O mês de maio, marcado pelo Dia das Mães, também abre espaço para uma pauta urgente: a saúde mental materna. Especialistas apontam que muitas mulheres podem apresentar algum tipo de sofrimento psicológico durante a gestação ou no pós-parto, um cenário que se intensificou após a pandemia. A partir dessa realidade, a campanha Maio Furta-cor surge para ampliar o debate e dar visibilidade a casos muitas vezes ignorados pela romantização da maternidade.
Para a especialista Danielle Lawanda Cunha, psicóloga da Hapvida, falar sobre o tema é fundamental para provocar mudanças na perspectiva social sobre a maternidade. “A maternidade segue sendo romantizada socialmente, o que invisibiliza o sofrimento psíquico real das mulheres. A campanha cumpre um papel importante ao legitimar essas experiências e ampliar o debate público”, afirma.
Entre os quadros mais comuns, está a sobrecarga materna, ainda naturalizada. De acordo com a psicóloga Danielle Cunha, a sobrecarga pode levar ao esgotamento físico e emocional crônico. Para além do cansaço da rotina materna, que, normalmente, interfere na qualidade do sono e provoca mudanças no cotidiano da família, o esgotamento traz exaustão persistente, distanciamento afetivo do bebê e sensação de incapacidade. “Não é um cansaço que melhora com descanso pontual. É uma condição que tende a se agravar, se não houver intervenção”, explica a psicóloga.
Nesse período, as mães também podem enfrentar a depressão pós-parto, surgindo, geralmente, nas primeiras semanas após o nascimento do bebê ou até um ano pós-nascimento. Os sintomas incluem tristeza persistente, irritabilidade, alterações no sono e apetite, sentimento de culpa e dificuldade de criar vínculo com o bebê. Em casos mais graves, podem surgir até mesmo ideações suicidas.

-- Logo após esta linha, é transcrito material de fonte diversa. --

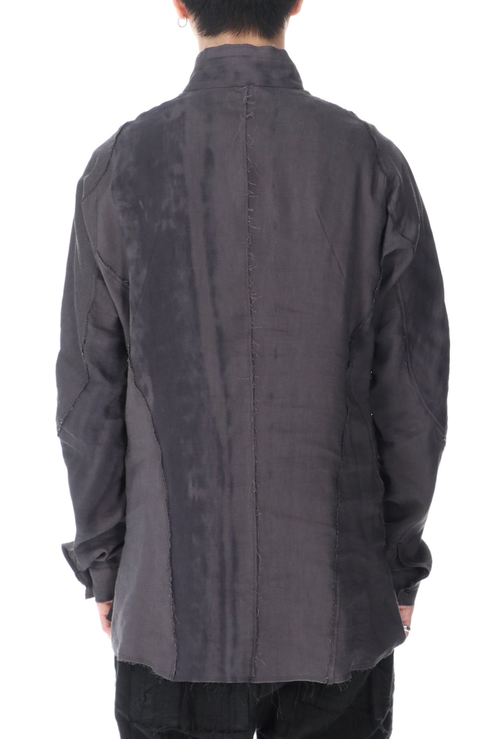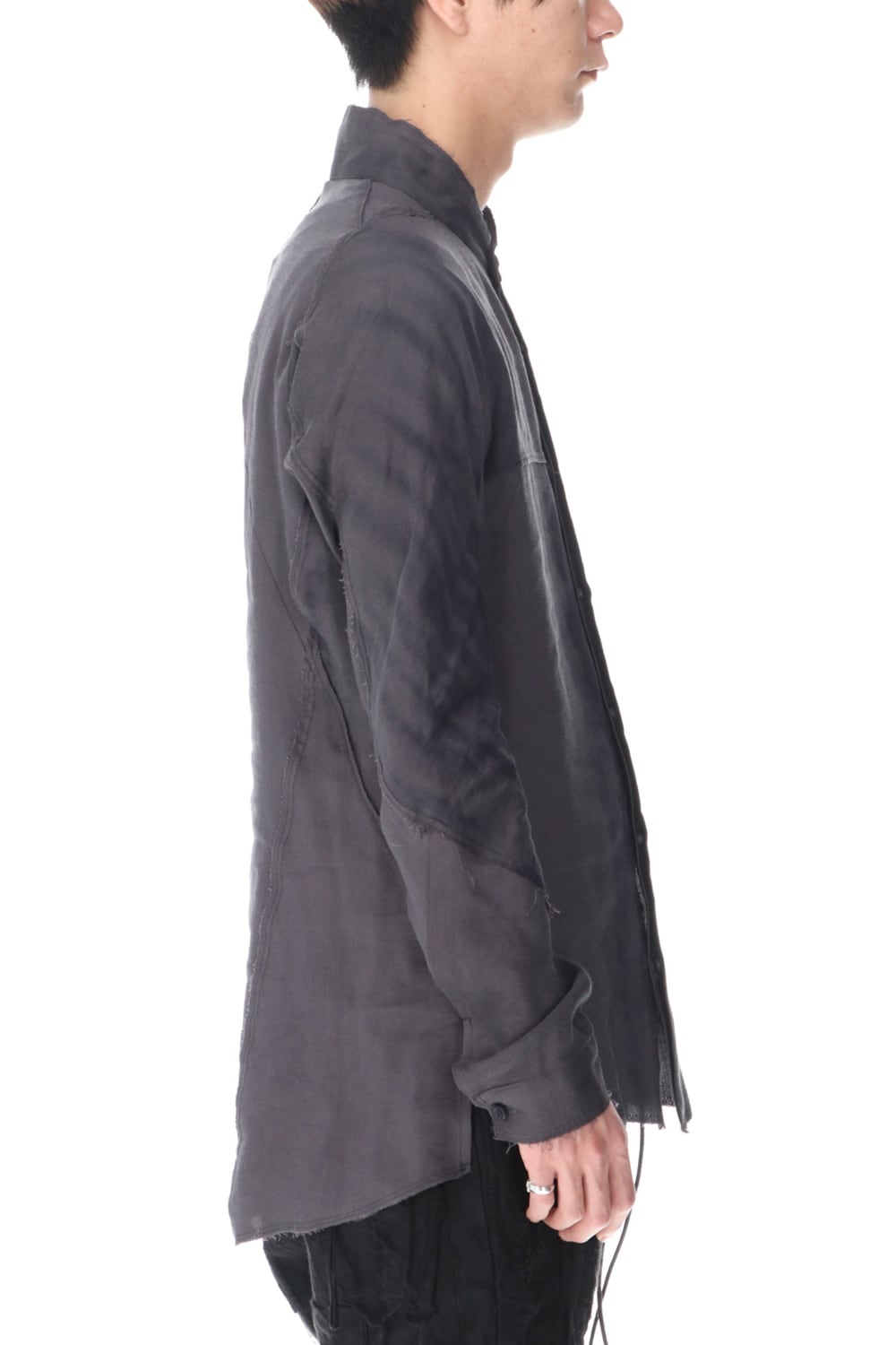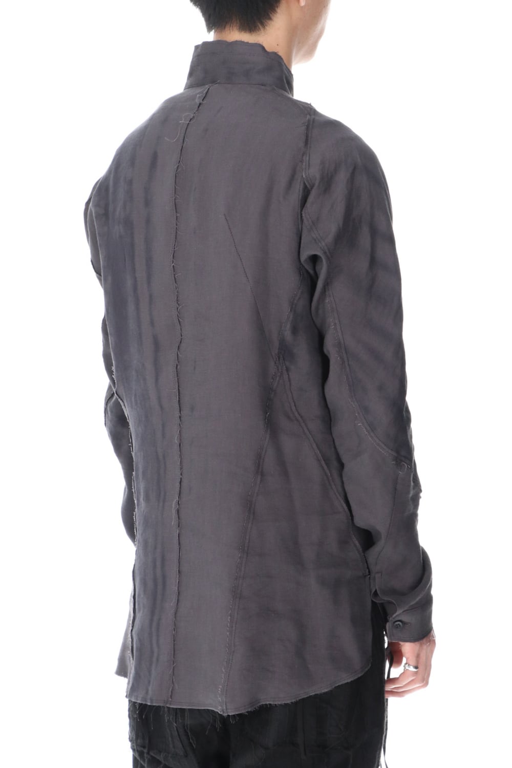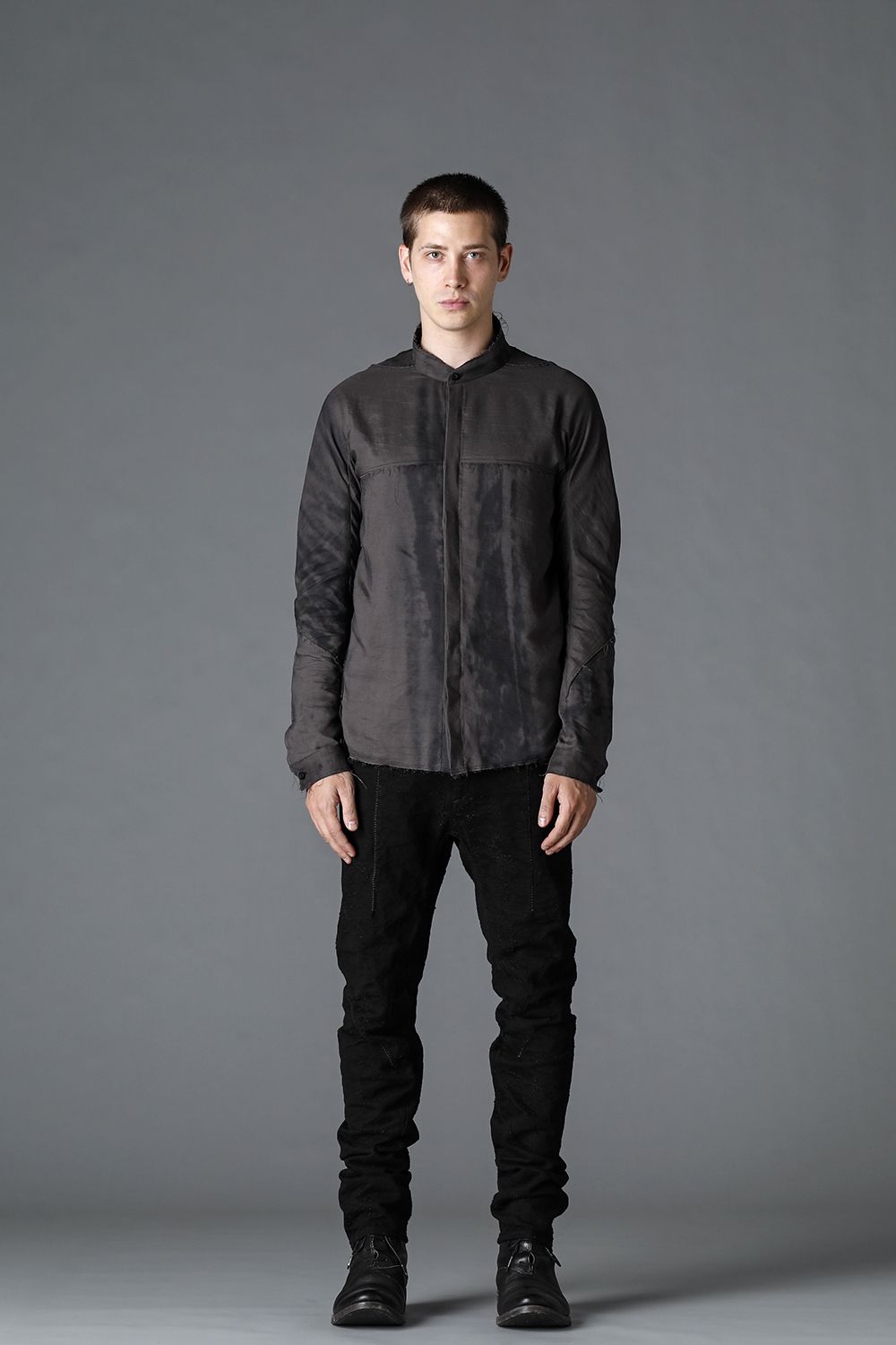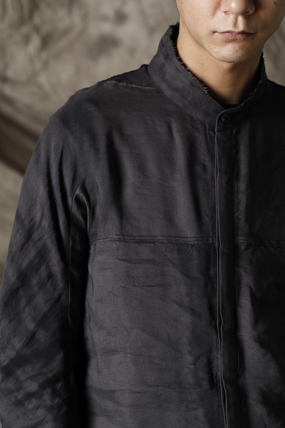 リネン×レーヨンプリントバンドカラーシャツ Charcoal

Segundo a especialista da Hapvida, mesmo diante da intensidade dos sintomas, muitas mães ainda apresentam resistência em reconhecer quando não estão bem emocionalmente. “Existe um julgamento muito forte. A mulher sente que precisa dar conta de tudo e corresponder a um ideal de maternidade. Quando isso não acontece, surge a culpa, e, muitas vezes, o silêncio”, destaca Danielle Cunha.
Rede de apoio
A ausência de rede de apoio é um fator determinante para o agravamento desses sofrimentos psíquicos. Segundo a especialista, o suporte familiar e institucional é fundamental tanto para a prevenção quanto para o tratamento desses casos. “A rede de apoio reduz a sobrecarga, oferece suporte emocional e permite que a mãe tenha espaço para autocuidado”, pontua.
A importância de recorrer à ajuda profissional
Os impactos na saúde mental materna ultrapassam o bem-estar da mulher e atingem diretamente o desenvolvimento do bebê, ao interferir no vínculo e na dinâmica da mãe com o filho, influenciando também no desenvolvimento emocional e até cognitivo da criança.
Diante de sinais persistentes de sofrimento, a recomendação de especialistas é buscar ajuda profissional o quanto antes. Psicólogos, psiquiatras e serviços de atenção básica são portas de entrada para o cuidado. “Quanto mais precoce a intervenção, melhores os desfechos”, reforça a especialista da Hapvida.
A Hapvida possui esses e outros tipos de serviços, e pode ser uma aliada das mães que enfrentam quadros de sofrimento psicológico ao oferecer a telemedicina, permitindo que a paciente busque ajuda sem sair de casa. “A telemedicina reduz barreiras como o deslocamento e o tempo que se gasta para ir até o hospital, isso permite acesso mais rápido ao cuidado e maior continuidade no acompanhamento”, salienta a psicóloga.
“Além disso, nós adotamos protocolos institucionais voltados ao puerpério, oferecendo um atendimento mais humanizado e integrado, favorecendo a identificação precoce de sinais de sofrimento psíquico”, conclui.